Pixar’s splendid Coco

“Is there sufficient reason for the tears that will inevitably run down my face by the end?”

Coco: Why do you want to be famous?

Smash the American Idol. Still The Voice. America’s Got Talent, but let it stay at home and delight the household and its gods (or at least its ancestors).

But what if the household is not delighted? What if there is a familial ban on music because, four generations back, a man left his wife and child behind to share his music with the world and then never came home? What young man in such a home, feeling the rhythm thrum in his heart, would not be tempted to look elsewhere for guidance?
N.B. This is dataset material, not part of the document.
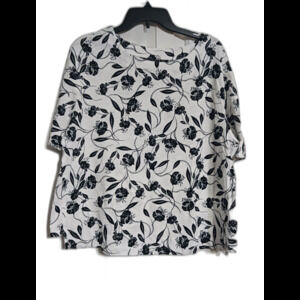 New with tags Women's Tahari short sleeve black on white Floral Tee Blouse Size 1X. 100% cotton. New condition.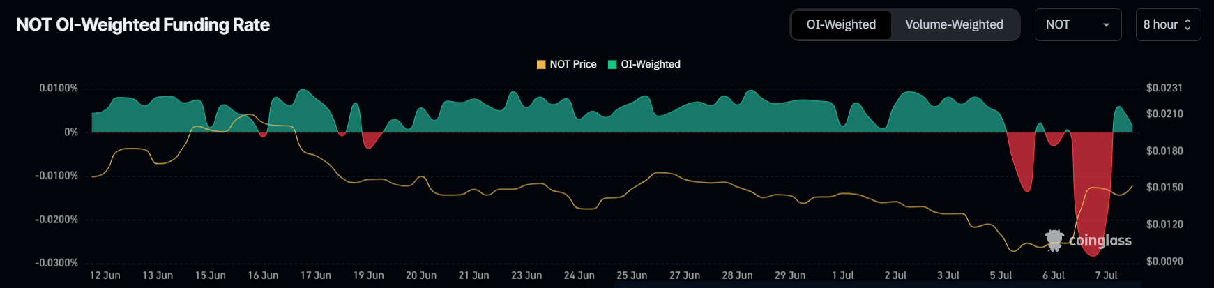 Pozitif RSI’ye ek olarak, Notcoin’in fonlama oranı da pozitife döndü. Bu değişim, daha önce ayı eğiliminde olan yoğun negatif fonlama oranlarının ardından önemli bir sinyal.

To look, as lost and struggling people tend to do, to the stars?

Coco ***

This is the plight of Miguel Rivera, the 12-year-old Mexican boy at the heart of Pixar’s splendid Coco — though it’s telling that the film is named not for him, but for his great-grandmother, the little girl who got left behind by her beloved singing Papa. Miguel’s family loves him, but not his musical dreams. So he turns to his town’s famous favorite son, who also happens to be “the greatest musician in Mexican history,” Ernesto De La Cruz. He learns his songs, watches his movies, even builds a secret shrine that is not unlike the ofrenda his family sets up on Día de los Muertos, the day for remembering and honoring the dead.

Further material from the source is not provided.